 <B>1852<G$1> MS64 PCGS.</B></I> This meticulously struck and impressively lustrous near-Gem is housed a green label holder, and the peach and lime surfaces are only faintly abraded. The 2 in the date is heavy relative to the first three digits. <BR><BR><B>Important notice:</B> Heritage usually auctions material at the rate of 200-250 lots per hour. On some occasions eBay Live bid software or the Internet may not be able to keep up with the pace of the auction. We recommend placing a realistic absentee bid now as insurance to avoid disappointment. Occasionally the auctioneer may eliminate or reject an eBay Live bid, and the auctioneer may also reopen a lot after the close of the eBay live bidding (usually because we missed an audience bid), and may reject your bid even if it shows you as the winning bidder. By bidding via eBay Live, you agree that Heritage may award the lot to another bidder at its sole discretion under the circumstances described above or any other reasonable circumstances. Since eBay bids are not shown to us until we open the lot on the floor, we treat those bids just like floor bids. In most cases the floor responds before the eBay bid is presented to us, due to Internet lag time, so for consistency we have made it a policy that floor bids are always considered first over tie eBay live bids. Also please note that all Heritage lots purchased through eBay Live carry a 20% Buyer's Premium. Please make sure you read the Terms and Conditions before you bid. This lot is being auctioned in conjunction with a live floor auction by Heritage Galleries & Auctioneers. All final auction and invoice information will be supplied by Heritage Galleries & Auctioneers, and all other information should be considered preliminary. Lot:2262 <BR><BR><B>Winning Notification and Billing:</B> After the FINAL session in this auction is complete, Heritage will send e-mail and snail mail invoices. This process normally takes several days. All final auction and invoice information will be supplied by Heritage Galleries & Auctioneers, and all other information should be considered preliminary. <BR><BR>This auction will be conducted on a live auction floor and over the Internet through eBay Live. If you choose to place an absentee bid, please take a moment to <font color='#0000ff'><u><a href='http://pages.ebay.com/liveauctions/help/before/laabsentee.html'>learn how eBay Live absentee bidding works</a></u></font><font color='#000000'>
* * * * * * *
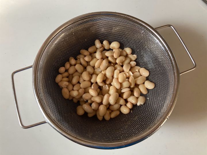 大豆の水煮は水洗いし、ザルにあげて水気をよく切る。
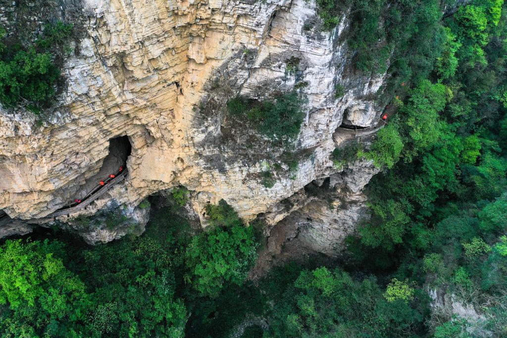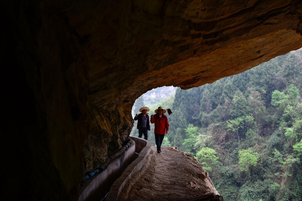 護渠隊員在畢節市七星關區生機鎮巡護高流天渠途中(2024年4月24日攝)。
* * * * * * *
What the task asks
For the material above, give again only the lines starting at the line that contains "大豆の水煮は水洗いし、ザルにあげて水気をよく切る。" and ending at the line that contains "護渠隊員在畢節市七星關區生機鎮巡護高流天渠途中(2024年4月24日攝)。". Pictures do not belong in the copy.

Task result
 大豆の水煮は水洗いし、ザルにあげて水気をよく切る。
 護渠隊員在畢節市七星關區生機鎮巡護高流天渠途中(2024年4月24日攝)。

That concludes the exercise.